Sparse autoencoders (SAEs) have emerged as a promising technique for mechanistic interpretability by learning a set of sparse latent features that encode distinct concepts. However, vanilla SAEs struggle to learn modality-consistent concepts in vision-language models (VLMs), often resulting in fragmented coverage (i.e., disjoint regions) in the visual modality. To address this challenge, we propose a Structured Sparse AutoEncoder ($S^2AE$) that enforces concept consistency from both semantic and spatial perspectives in the visual modality.

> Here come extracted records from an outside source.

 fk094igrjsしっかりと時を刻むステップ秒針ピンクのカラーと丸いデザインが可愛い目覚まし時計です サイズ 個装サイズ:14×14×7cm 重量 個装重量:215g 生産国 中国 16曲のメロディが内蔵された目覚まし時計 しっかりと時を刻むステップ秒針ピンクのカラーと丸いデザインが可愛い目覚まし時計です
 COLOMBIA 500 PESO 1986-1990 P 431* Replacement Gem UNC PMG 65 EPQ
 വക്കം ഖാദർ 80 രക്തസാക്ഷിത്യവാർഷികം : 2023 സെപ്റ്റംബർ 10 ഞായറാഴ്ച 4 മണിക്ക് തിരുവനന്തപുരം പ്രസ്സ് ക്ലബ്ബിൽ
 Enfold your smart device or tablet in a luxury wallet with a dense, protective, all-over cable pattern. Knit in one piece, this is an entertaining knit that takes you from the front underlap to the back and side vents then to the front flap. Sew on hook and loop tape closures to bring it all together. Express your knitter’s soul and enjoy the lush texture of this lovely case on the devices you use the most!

Specifically, we group image patches based on Transformer attention similarity and spatial proximity, introducing a structured sparsity regularization during the training of the vanilla SAE. This regularization consists of exclusive sparsity for inter-group concept disentanglement and group sparsity for intra-group concept consistency, driving the latent neurons by SAEs to specialize in distinct, semantically grounded concepts.

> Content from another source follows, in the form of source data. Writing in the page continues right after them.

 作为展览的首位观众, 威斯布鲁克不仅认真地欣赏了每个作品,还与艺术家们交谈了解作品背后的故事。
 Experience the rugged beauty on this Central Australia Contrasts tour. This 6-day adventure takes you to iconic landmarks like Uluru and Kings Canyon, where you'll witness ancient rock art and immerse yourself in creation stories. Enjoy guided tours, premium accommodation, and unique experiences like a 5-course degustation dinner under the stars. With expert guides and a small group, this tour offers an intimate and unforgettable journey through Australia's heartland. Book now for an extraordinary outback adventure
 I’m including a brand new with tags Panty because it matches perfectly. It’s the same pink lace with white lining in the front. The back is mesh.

Evaluated on the \texttt{Qwen2.5-VL-7B-Instruct} model, the method achieves a 6.06% average improvement in semantic alignment (mIoU) and 60.81 in representational efficiency (lower l0 norm) while maintaining near-perfect reconstruction fidelity with an Explained Variance above 99%. Cross-modal analysis further demonstrates that $S^2AE$ enhances neuronal monosemanticity by this visual structural prior, achieving a 3.08% average gain in semantic consistency and a 2.37% average gain in monosemanticity scores for both modalities of multimodal features, thereby fostering more coherent and disentangled representations.
Blogger's Review: This study successfully enhances concept consistency in vision-language models through structured sparsity regularization, showcasing the immense potential of sparse autoencoders in cross-modal learning. The structured approach offers new avenues for future multimodal learning exploration, warranting further investigation.